From a public policy point of view, prosecuting victims of a mental disorder—the anorexics and bulimics who typically run these Web sites—seems like cruel and unusual punishment. "Any law that targets victims is ill-considered," says Susan Scafidi, a law professor at Fordham University and an expert on fashion law. "Surely we can find a better way to help these people than criminalizing their speech." Providing more treatment facilities for those already suffering would be far more helpful—as would helping educators and parents learn how to spot early warning signs of trouble.
As devastating as anorexia and bulimia are for those who suffer from those disorders, obesity—the target of the New York regulation—is a far more widespread public health problem and one that seems ever more intractable. New York's public health officials have been fighting hard, with a publicity campaign to get people to eat less and exercise more and a ban on harmful trans fats in restaurants. The calorie-posting regulation is the latest weapon in this arsenal. Among other objections, restaurant owners claim their First Amendment rights are violated if they are required to post a government message. Some say they don't mind posting calories but they just don't want to be told to do it. (Curious customers can already find out the damage they're doing to their diets by logging on to the site of their favorite fast-food outlets and searching for nutrition info; most major chains now have it somewhere—although it can take some digging to find it.)
Whatever the ultimate legal resolution, news coverage of the court battle emphasizes the fact that many chain restaurants are serving up meals that contain almost a whole day's worth of calories and way too much fat. And as that message becomes more widespread, maybe people will begin to pay more attention to what they're putting in their mouths. Even small changes—like forgoing the fries, for example—can make a big difference. And there is evidence that heightening public awareness can be a successful strategy—although perhaps not immediately. Thirty years ago, when the antismoking effort was in its infancy, few believed that it would succeed. But today smoking rates are down significantly. Better public information was critical, as were warnings on packages, higher prices, and laws that limit smoking in public places.
How can those lessons be applied to the obesity epidemic? Public education is a start, but the sad truth is that information isn't always enough to get people to change deeply entrenched unhealthy habits, says Kenyon College psychology professor Michael Levine, who studies eating disorders. Levine uses himself as an example. He suffers from sleep apnea partly brought on by extra weight that his doctor has told him he should lose.

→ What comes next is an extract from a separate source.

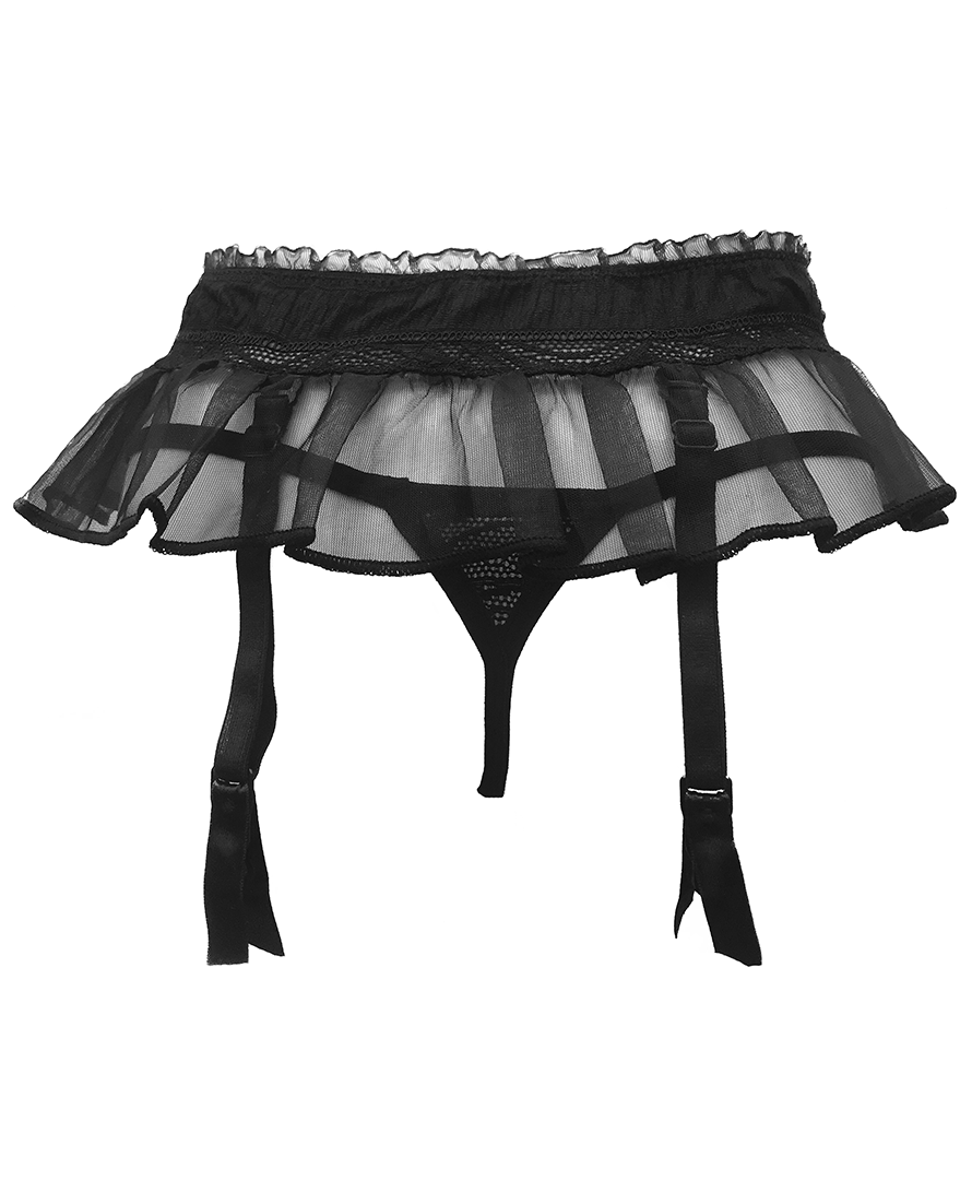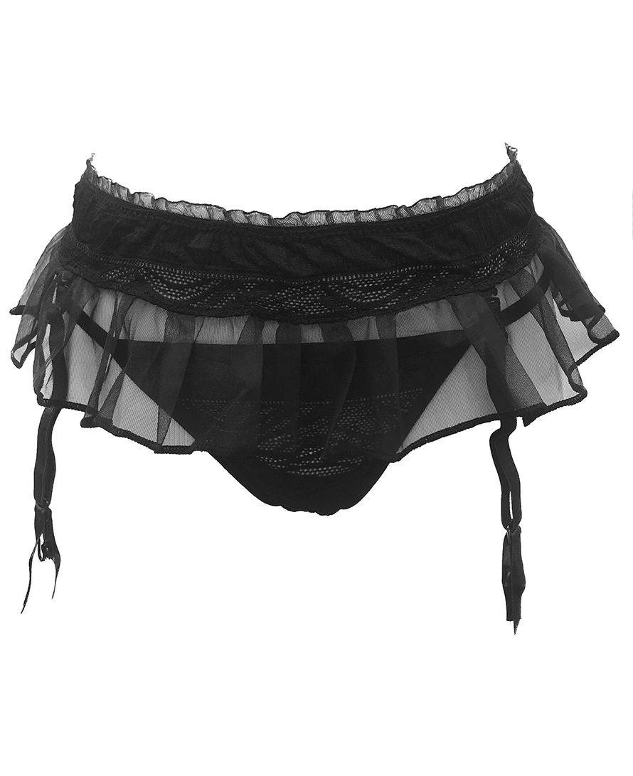 Liguero en encaje y brisa finamente plisada, tirantes ajustables y panty incluido con la opción de su uso de manera sencilla.
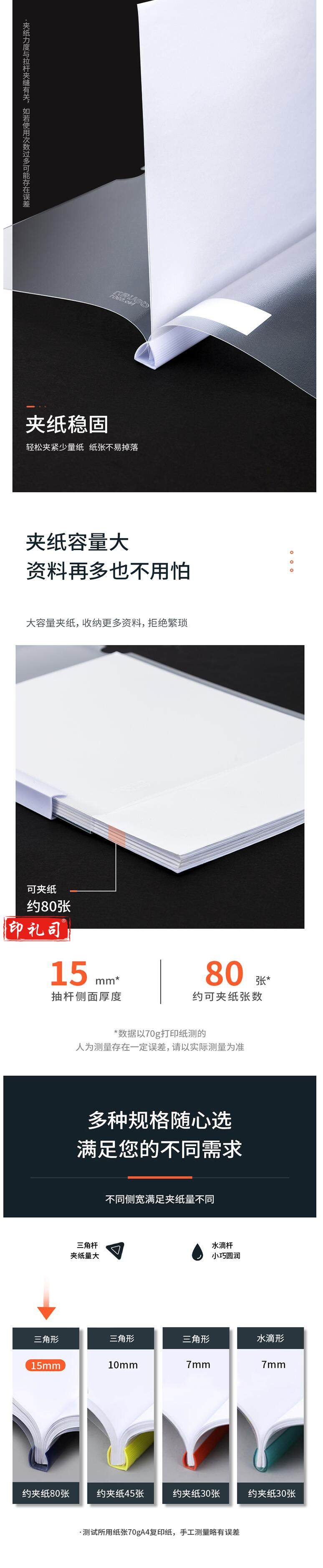 得力(deli)抽杆夹侧宽15mm拉杆夹文件夹 约夹70张5901(5只/包) 单只价格混色

And he understands how to make it happen better than most people. Still, he hasn't abandoned fast food. "I don't think the answer is posting calories," he says. Would a tax on high-fat foods help? Or a ban on eating desserts in public? Imagine the uproar if any public official suggested these measures. Eating disorders and obesity are major public health issues, and it's right and proper for the government to push measures that encourage change, but in the end it's up to each of us to act in our own best interest—one forkful at a time.